Contact dermatitis

Patch testing with the textile dyes Disperse Orange 1 and Disperse Yellow 3 and some of their potential metabolites, and simultaneous reactions to para-amino compounds.

PMID 22624827


It is known that, in vitro, human skin bacteria are able to split disperse azo dyes into the corresponding aromatic amines, some of which are sensitizers in the local lymph node assay. We hypothesize that the molecules of disperse dyes migrate onto the skin while garments are worn, and are metabolized and degraded by commensal skin bacteria. These molecules penetrate the skin and induce sensitization. To evaluate the elicitation capacities of the possible azo-degradation products of the selected azo disperse dyes in patients allergic to them and to compare it with the elicitation capacities of other para-compounds. Ten patients allergic to Disperse Yellow 3 (DY3) and/or Disperse Orange 1 (DO1) were patch tested with a dilution series of the purified dyes 4-nitroaniline and p-aminodiphenylamine in concentrations equimolar to those of purified DO1 in the dilution series, as well as 4-aminoacetanilide and 2-amino-p-cresol in concentrations equimolar to those of purified DY3 in the dilution series. Results. Three patterns of patch test reactions could be seen. The 6 patients who were positive to DO1 and DY3 also reacted to p-aminodiphenylamine and 2-amino-p-cresol.

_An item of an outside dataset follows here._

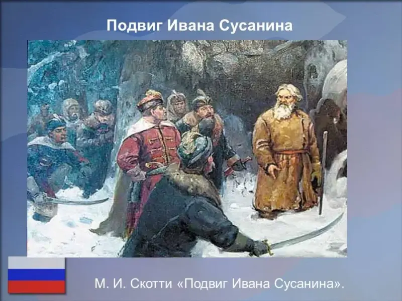 Именно к этому времени относится подвиг русского крестьянина, сельского старосты Ивана Сусанина. слайд 7.
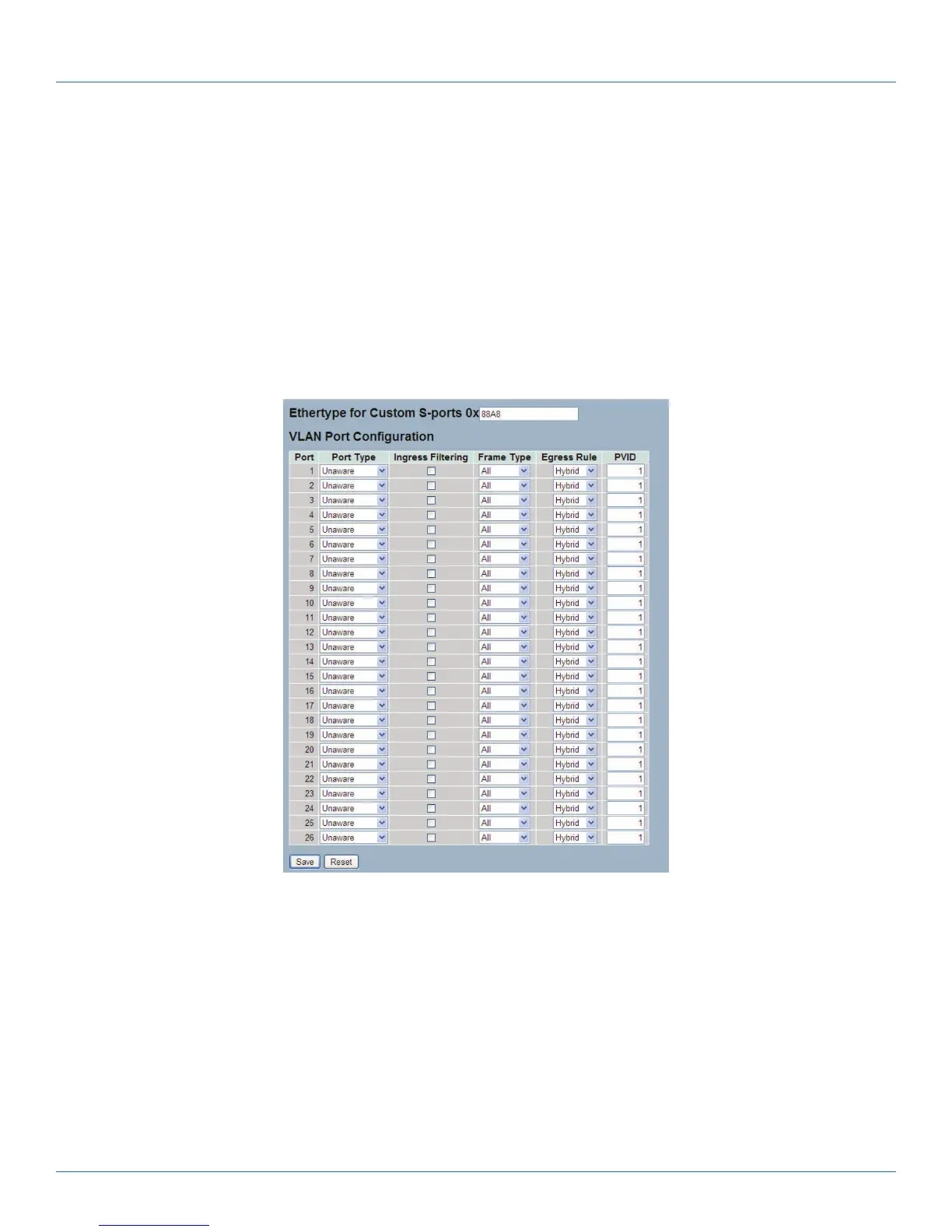 rule. The function of Port Type, Ingress Filtering, Frame Type, and PVID affect Ingress process. Furthermore, Port Type, Egress Rule,

Two patients were positive to DO1 only, and both reacted to p-aminodiphenylamine, but to neither 4-aminoacetanilide or 2-amino-p-cresol. Two patients did not react to DO1 or DY3 on this occasion. We show that it is possible that the major sensitizers in contact allergy to DO1 and DY3 are their metabolites, p-aminodiphenylamine and 2-amino-p-cresol, respectively, which might be formed by the azoreductase pathway of skin bacteria.